Given material below:
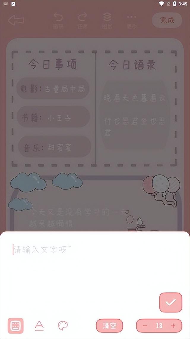 一本手帐app 是一款功能丰富,界面精美的备忘录式日记本,它不仅可以作为用户的提醒工具,还可以用来记录重要日子,甚至还可以指定喝水提醒、记录运动打卡、签到等等,超多场景的模板素材提供,更有丰富的花样字体,只要你有足够的想象力,便可通过内置的丰富功能,打造个人专属“笔记”。对比以往见到过的“手账”应用,多以提醒为主,反观这款软件,提醒事项只是作为基础功能来满足大多数用户使用需求,更多的特点在于个性化。
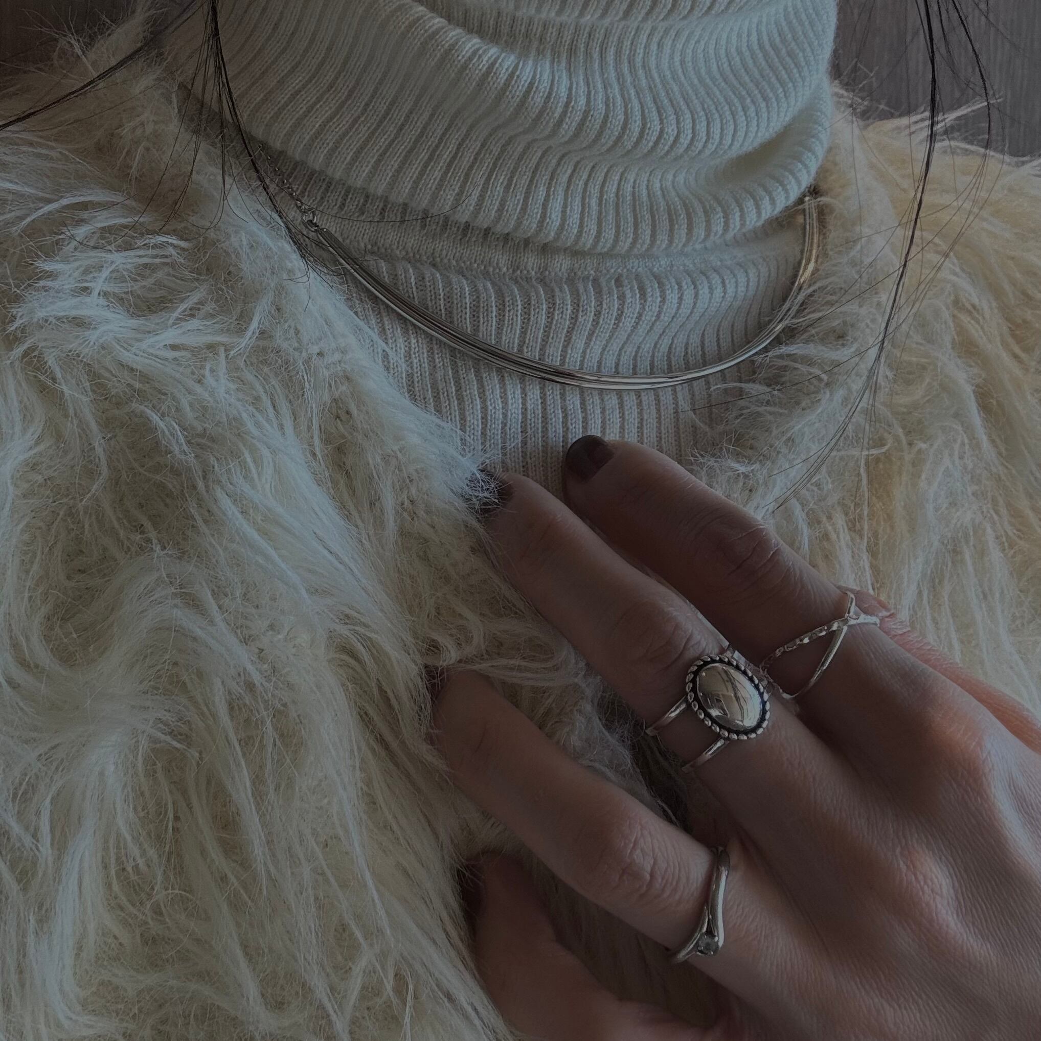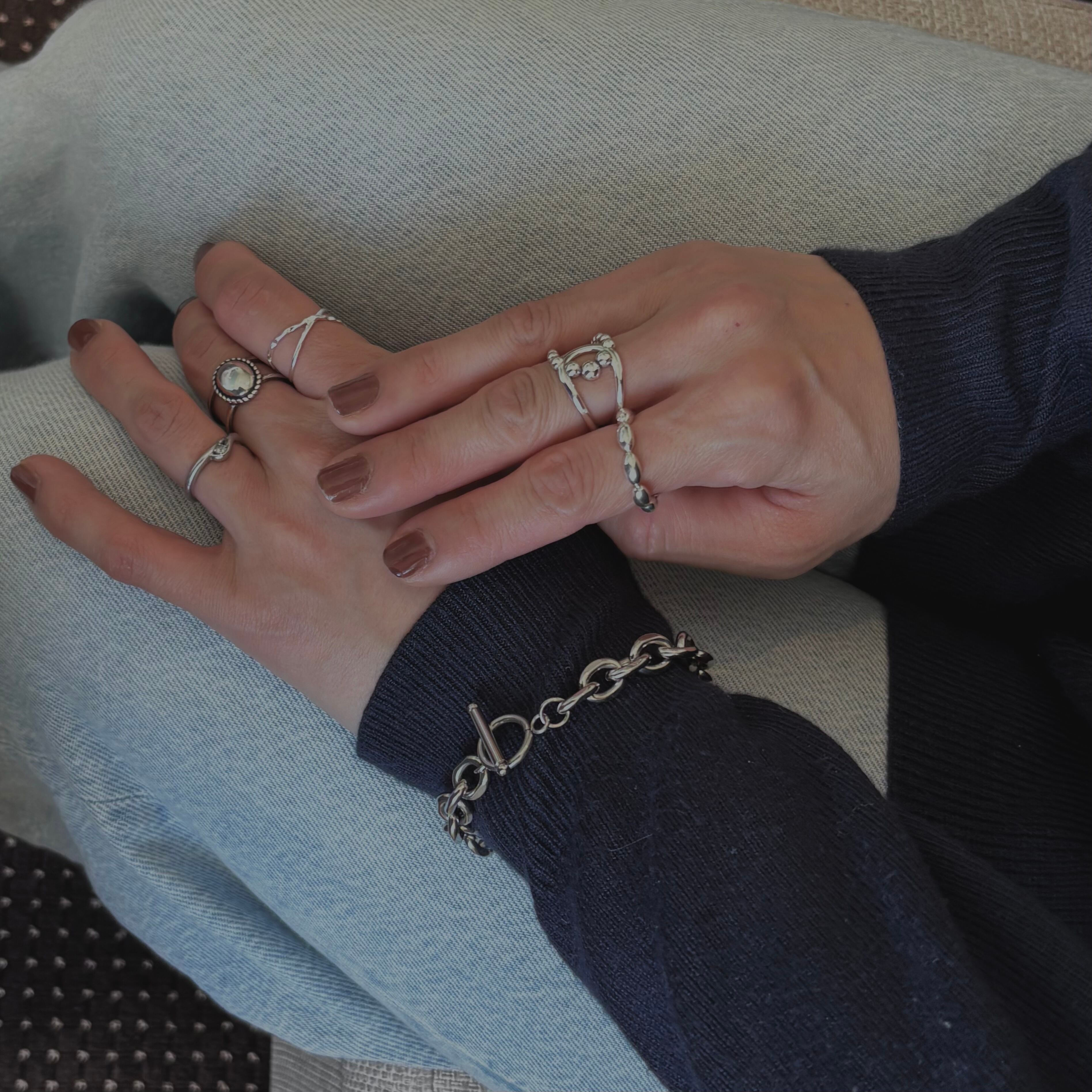 シルエットは大きめですが、リングの線は細身なのでさりげななく手元を引き立ててくれます。
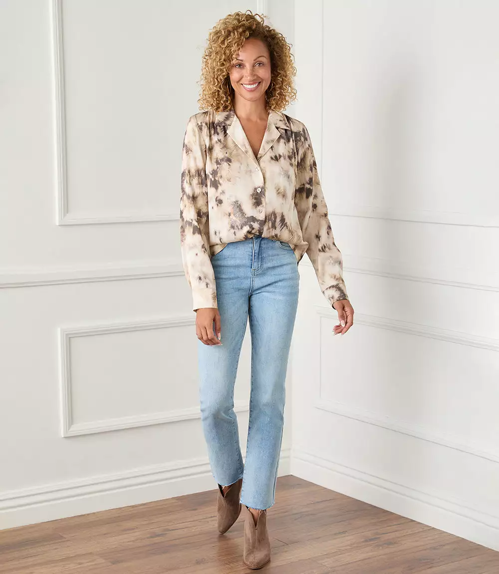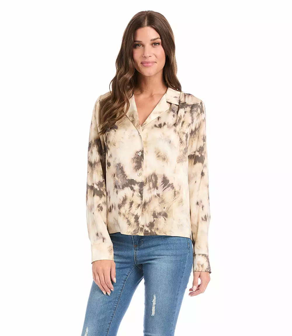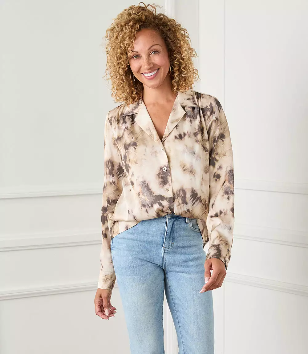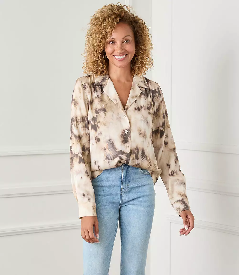 This button-up shirt is both casual and polished with a cloudy tie-dye print and a relaxed fit. It’s detailed with a notched collar and cuffed sleeves.
End of Given material.
Once the pictures are removed, copy the material above exactly.

 一本手帐app 是一款功能丰富,界面精美的备忘录式日记本,它不仅可以作为用户的提醒工具,还可以用来记录重要日子,甚至还可以指定喝水提醒、记录运动打卡、签到等等,超多场景的模板素材提供,更有丰富的花样字体,只要你有足够的想象力,便可通过内置的丰富功能,打造个人专属“笔记”。对比以往见到过的“手账”应用,多以提醒为主,反观这款软件,提醒事项只是作为基础功能来满足大多数用户使用需求,更多的特点在于个性化。
 シルエットは大きめですが、リングの線は細身なのでさりげななく手元を引き立ててくれます。
 This button-up shirt is both casual and polished with a cloudy tie-dye print and a relaxed fit. It’s detailed with a notched collar and cuffed sleeves.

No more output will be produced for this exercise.